A journal written from 1936 to 1944 by a German man who hated the Nazis. Just started it myself. Chillingly honest....

PufPuf23

(9,233 posts)
3. They Thought They Were Free: The Germans 1933-45 (Mayer)
Fri Nov 18, 2016, 04:21 PM
Nov 2016

by Milton Mayer.

Classic book of Germans that were not overt Hitler followers to start but who became followers and their the slide into fascism and horror.


https://www.amazon.com/They-Thought-Were-Free-Germans-ebook/dp/B00D4M89A4/ref=sr_1_1?s=books&ie=UTF8&qid=1479503770&sr=1-1&keywords=They+thought+they+were+free


>First published in 1955, They Thought They Were Free is an eloquent and provocative examination of the development of fascism in Germany. Mayer’s book is a study of ten Germans and their lives from 1933-45, based on interviews he conducted after the war when he lived in Germany. Mayer had a position as a research professor at the University of Frankfurt and lived in a nearby small Hessian town which he disguised with the name “Kronenberg.” “These ten men were not men of distinction,” Mayer noted, but they had been members of the Nazi Party; Mayer wanted to discover what had made them Nazis.

“What happened here was the gradual habituation of the people, little by little, to being governed by surprise; to receiving decisions deliberated in secret; to believing that the situation was so complicated that the government had to act on information which the people could not understand, or so dangerous that, even if the people could not understand it, it could not be released because of national security.
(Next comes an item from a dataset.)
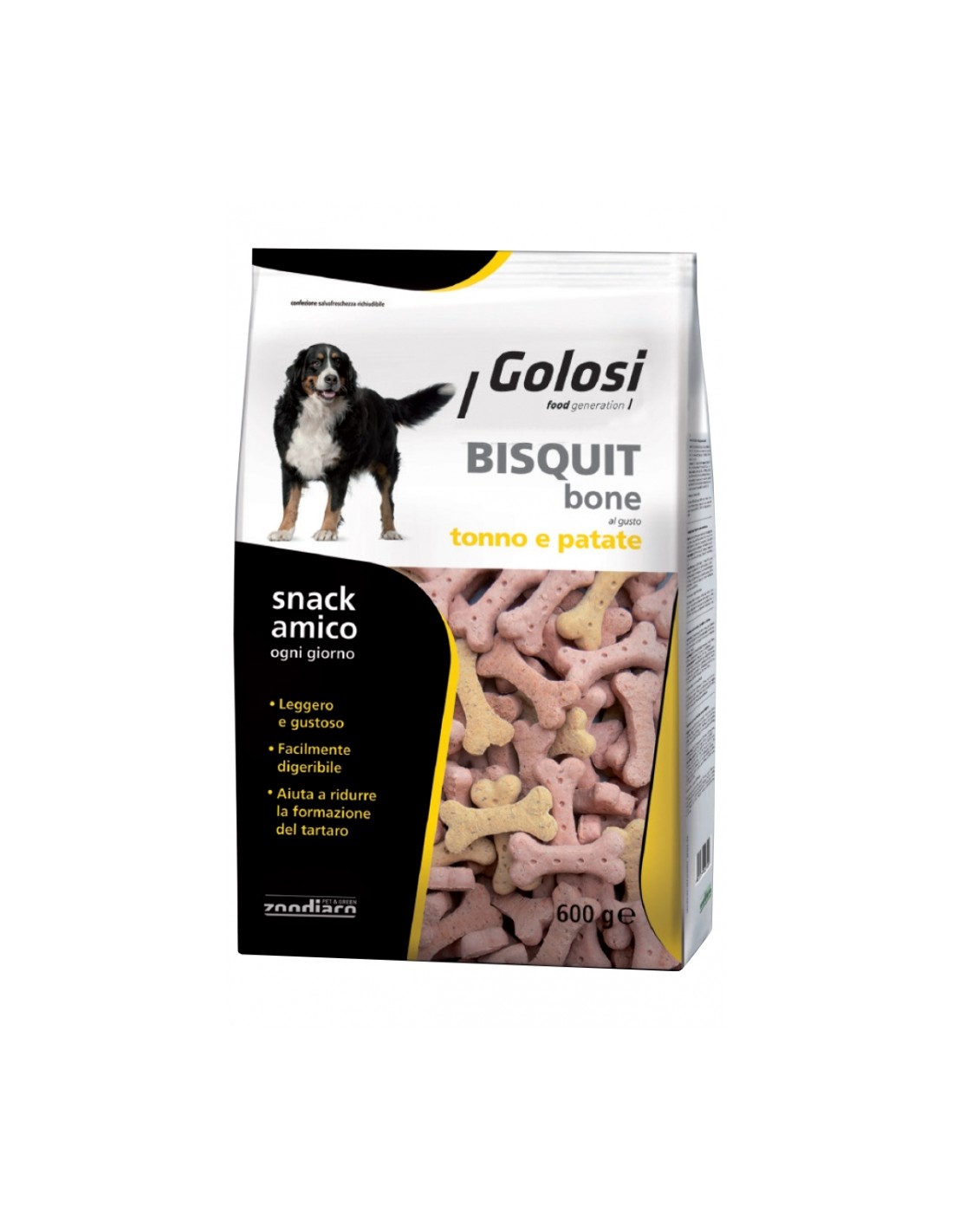 Bisquit BONE al gusto Tonno e Patate è un biscotto leggero e appetitoso, ideale come snack o premio per il tuo amico a quattro zampe. La particolare forma ad osso aiuta a ridurre la formazione del tartaro grazie all'azione meccanica della masticazione mantendedo così la salute di denti e gengive. Le materie prime di qualità lo rendono inoltre leggero e facilmente digeribile.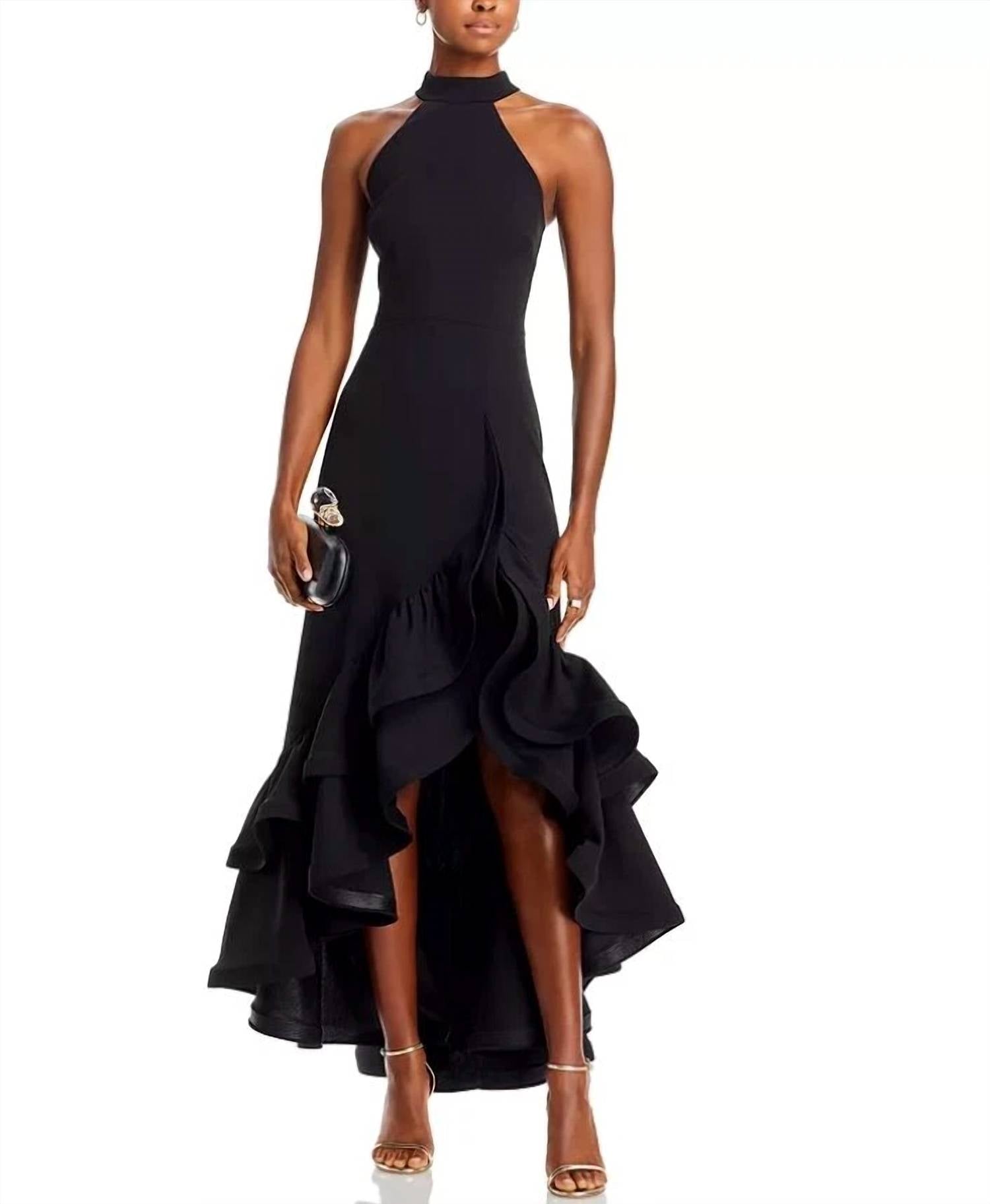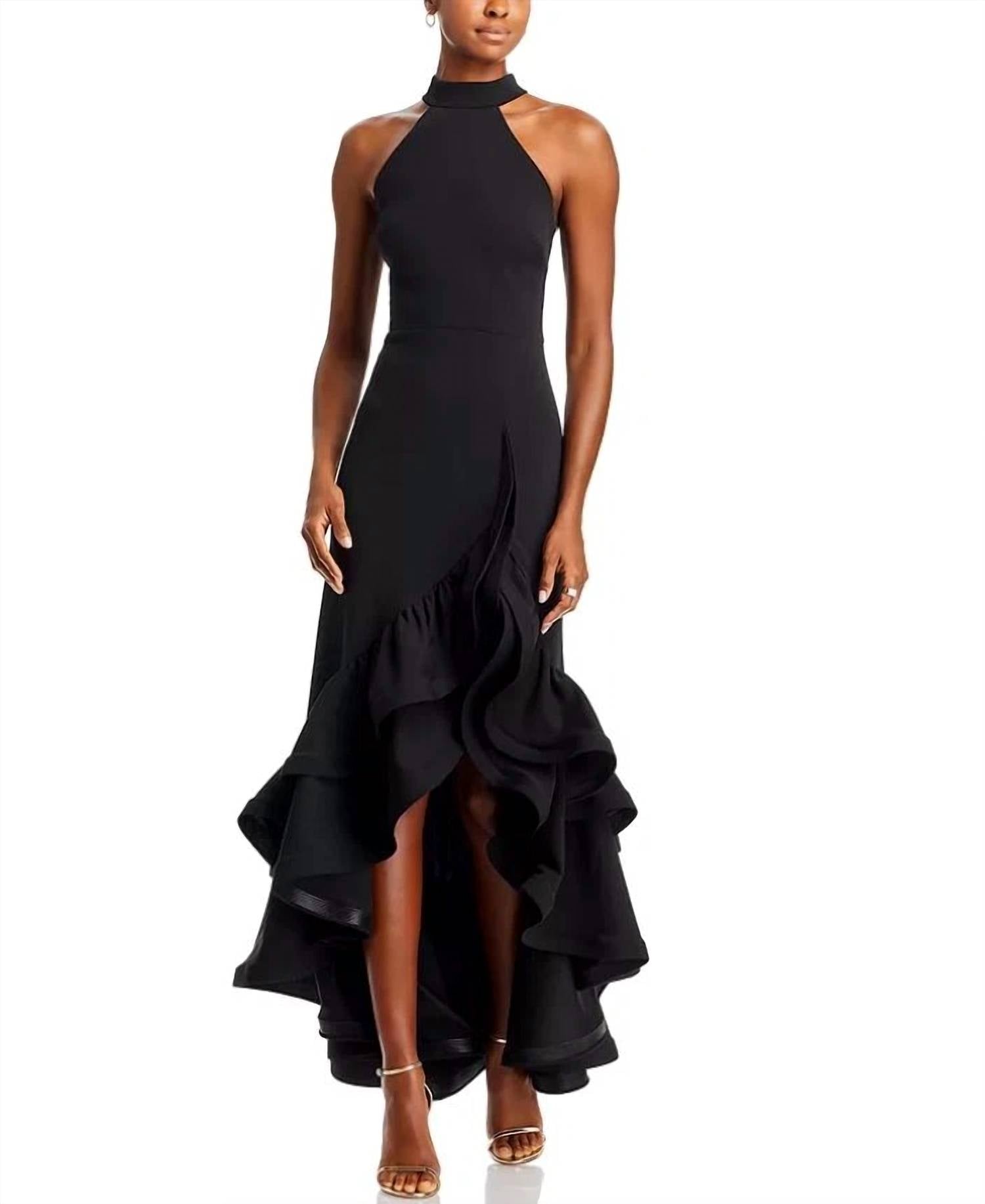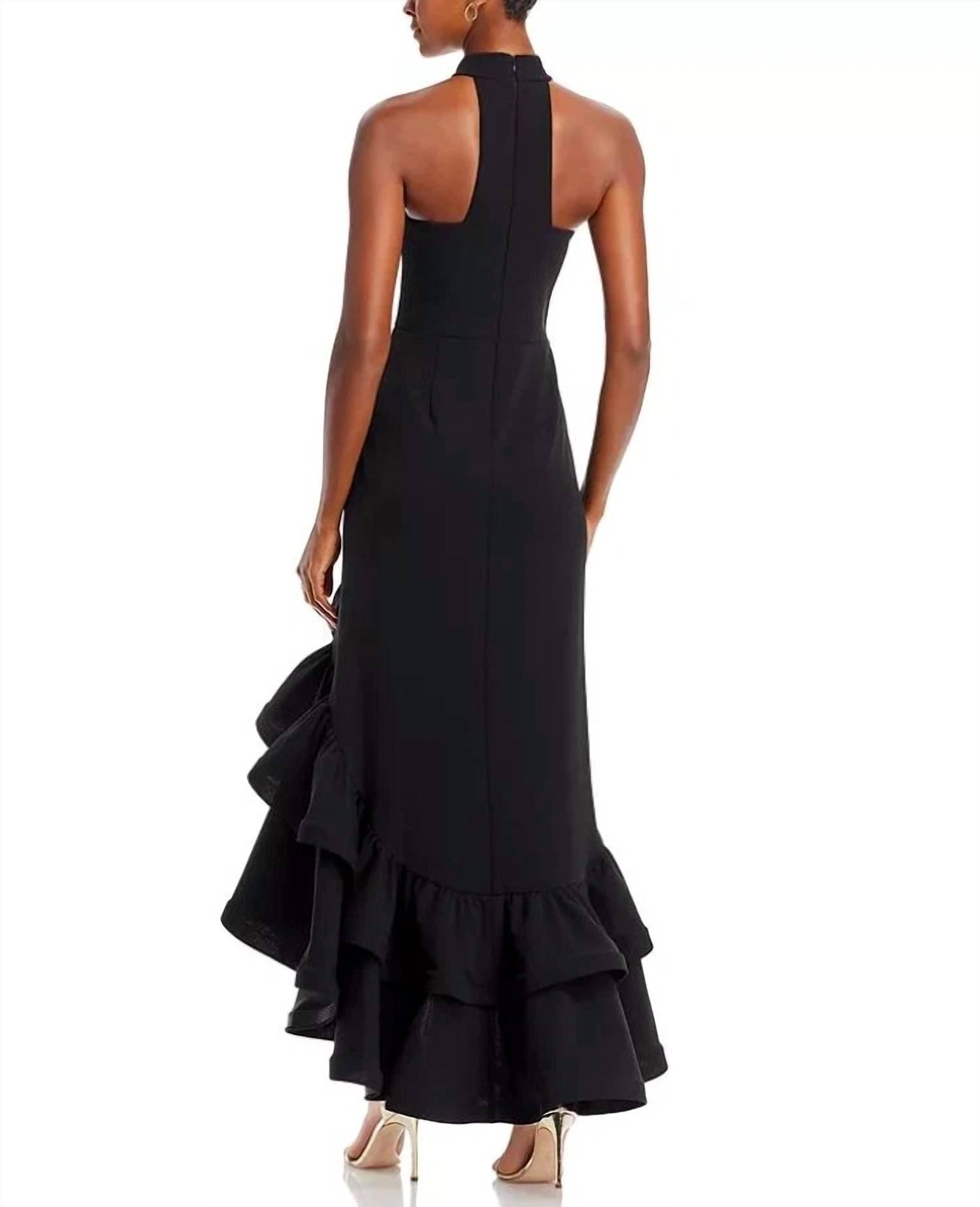 The pefect high-low dress for those transitional seasons. Elevate your evening attire with AQUA's Racerback Sleeveless Ruffle Hem Gown in elegant black, a Bloomingdale's exclusive. Featuring a sleeveless design and chic mermaid silhouette, this gown is crafted from high-stretch fabric comprising 94% polyester and 6% spandex, with a 100% polyester lining for a comfortable fit. The gown measures approximately 61.75 inches from shoulder to hem, designed for a floor-length look. Made in the USA, it boasts a back zipper closure and requires dry cleaning.

And their sense of identification with Hitler, their trust in him, made it easier to widen this gap and reassured those who would otherwise have worried about it.”--from Chapter 13, “But Then It Was Too Late”<



PoindexterOglethorpe

(26,727 posts)
6. While not exactly what you're asking for,
Tue Jan 24, 2017, 06:01 PM
Jan 2017

the following two books might be of interest:

In the Garden of Beasts by Erik Larson is about the first American Ambassador to Nazi Germany. Chilling and fascination.

A Train in Winter by Caroline Moorehead is about some 230 French women who were in the Resistance, who were caught by the Nazis and sent off to the death camps in January of 1943. This one is heartbreaking because of the horrors of the death camps.

Again, I know that these are not what you've asked for, but they touch on both those themes.